В конце концов, Мстислав, отчаявшись, велел поворачивать рать обратно к Новгороду.

Должно быть, воротился уже, – подумал Ярополк, прикидывая про себя скорость движения ратей. – Да, пожалуй, Мстислав уже в Новгороде.

Всеслав же…

Всеслав, скорее всего, тоже уже воротился к себе в Полоцк из своего стремительного набега на Русскую землю. Полочанин прошёлся по Русской земле от Чернобыля до Белгорода, появлялся с войском у самого Перевесища, взял огромные выкупы с монастырей и с богатого торгового Вышгорода.

Ярополк криво усмехнулся и сжал кулаки, вспомнив перечисленные отцом в письме названия монастырей, ограбленных полочанином.

Пречистенский Гнилецкий монастырь.

Зверинецкий монастырь.

Монастырь Святого Дмитрия, отцов монастырь на Михайловской горе, там были самые богатые вклады от самого Великого князя.

Женский монастырь Святого Николая – а там вклады матери, великой княгини Гертруды.

Монастырь святой Ирины – там бабушкины, Ирины-Ингигерды.

Изрядных зипунов набрал в Русской земле полочанин!

А Печерский монастырь, куда отец его вклады делал, полочанин не тронул. Да что отец – едва семь лет миновало, как он сам за сына своего, Глеба, вклад делал туда, когда с какой-то дикаркой литовской его сговорил!

Киева он, вестимо, не взял, да он и не собирался – Ярополк это отлично понимал, невзирая на свои всего лишь пятнадцать лет. Не было пока что в силах оборотня взять из-под отца великое княжение и каменный престол. А хотел Всеслав, скорее всего, просто помешать отцу – не дать ему пойти на Тьмуторокань вместе с дядей Святославом.

И ведь удалось!

Среднему и младшему братьям, выступившим в поход раньше старшего, от Новгорода-Северского, пришлось добывать, а вернее, возвращать Тьмуторокань самим.
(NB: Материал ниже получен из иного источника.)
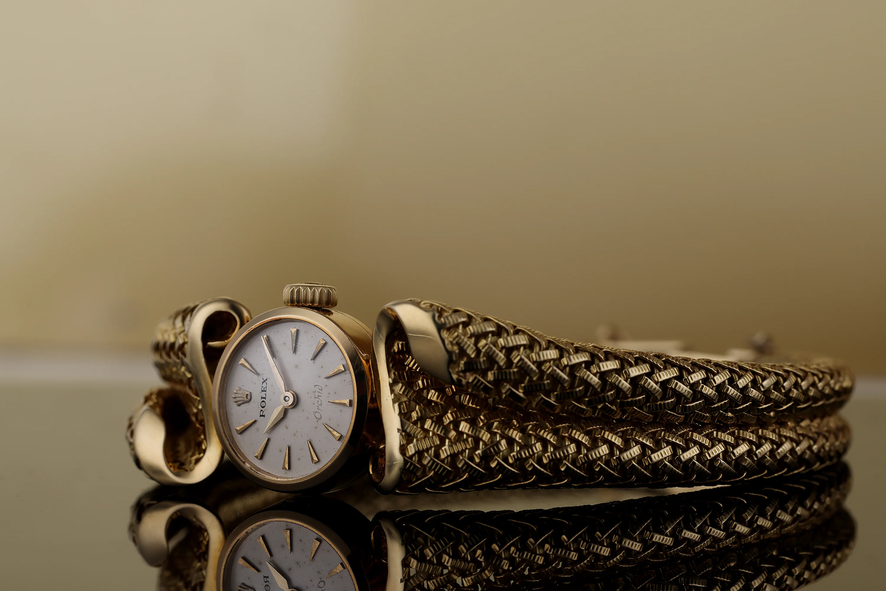 Pre-owned, excellent condition Rolex Orchid reference 9524 18k Yellow Gold ladies wristwatch. Silvered dial, applied dagger hour markers, 'Orchid' marking at 6 o'clock, housed in an 18k Yellow Gold 16mm round case, with smooth bezel, crown, integrated woven curled bracelet which tapers in width towards the Rolex signed clasp, sealed with the Rolex crown, sapphire crystal glass and Manual Wind movement. This watch has a serial beginning: 549XXX, dating it's production to 1960.
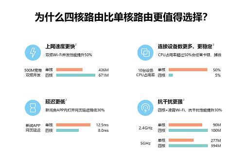 基于此,华为自主研发了家用路由器芯片——凌霄系列。此次搭载的凌霄四核处理器拥有高达5Gbps的数据转发能力,相比传统单核路由器,四核路由器具备速度快、连接稳、延迟低、抗干扰四大特性,给消费者带来更加畅快的上网体验。
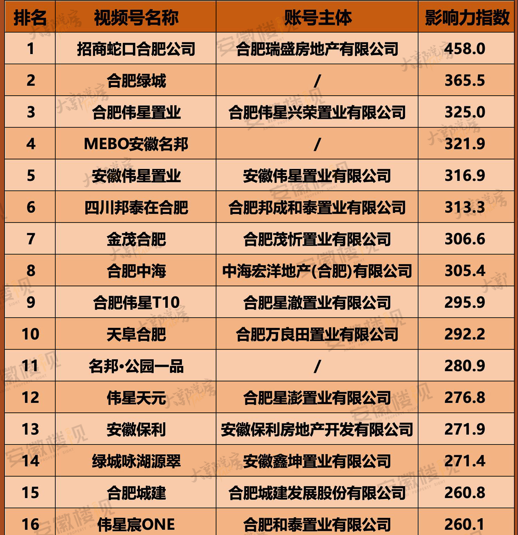 安徽房地产影响力榜单
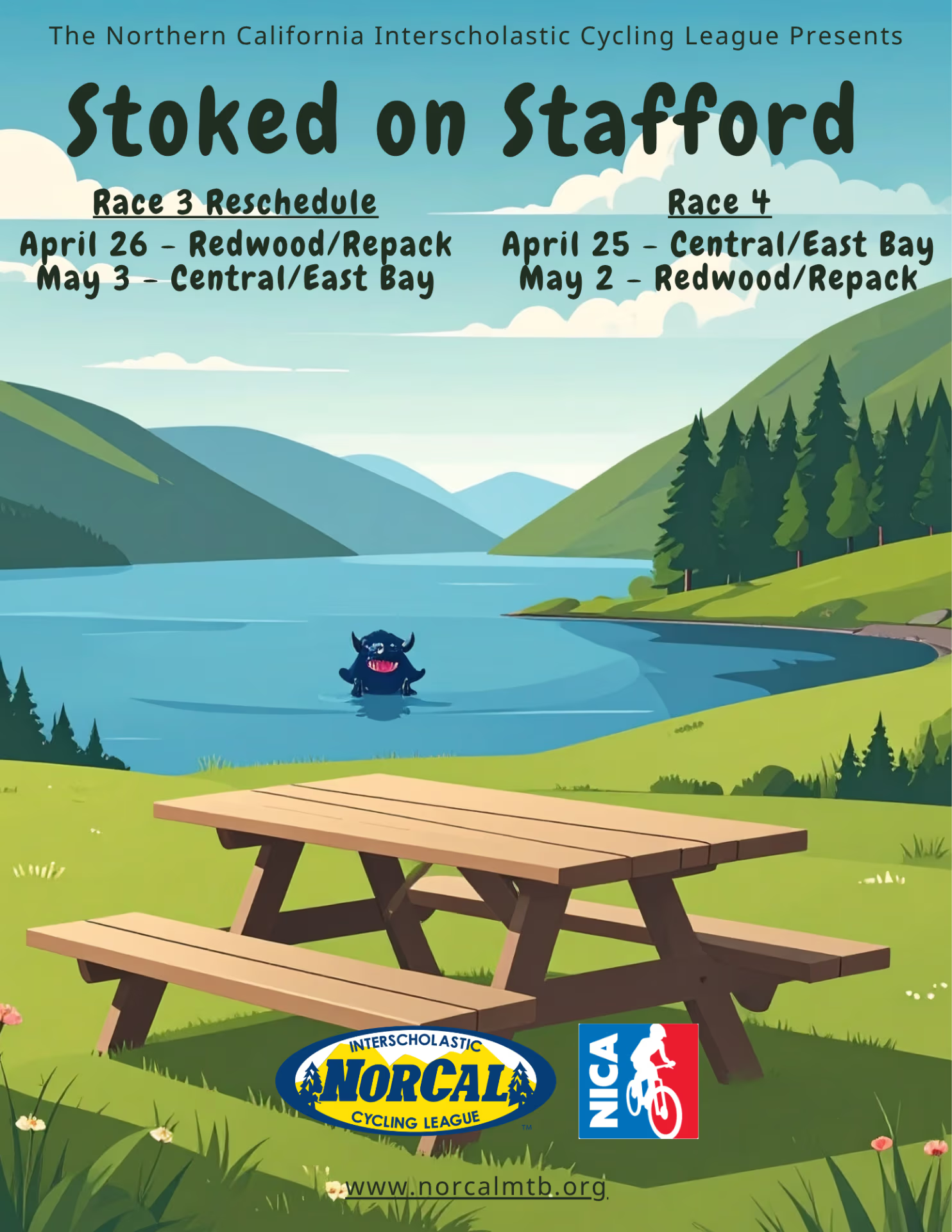On Friday, will aim to start heading out with riders in pre-ride waves starting at 3:30 until 6:30. Meet at the Stafford Bike Park Pavillion. We will take riders in small groups at they arrive. You are required to have a Redwood MTB coach with you to pre-ride the course.

Великий же князь поворотил назад ещё от Хортицы (он шёл в Степь иным путём, тем, по которому год назад шёл к Тьмуторокани и Ростислав), едва получил весть о появлении Всеславлей рати у Чернобыля, ринулся обратно к Киеву. И не успел всё равно – Всеслав ушёл обратно в свою кривскую дебрь.

Ярослав Изяславич воротился в Киев через пять дней после ухода Всеслава с Перевесища. Снова сел на каменный престол, с облегчением вздохнул. А ещё через два дня из Киева ринулись в разные стороны гонцы великого князя – несли волю господина, верховного властелина Руси, наследника древнего рода потомков Дажьбога, хоть и забывшего о том древнем родстве ради чужой веры да призрачного равенства с иными крещёными владыками, ради сладкой мечты о равенстве с царьградскими базилевсами.

Мчали гонцы.

К Тьмуторокани, вдогон братьям – поведать о набеге Всеслава на Русскую землю.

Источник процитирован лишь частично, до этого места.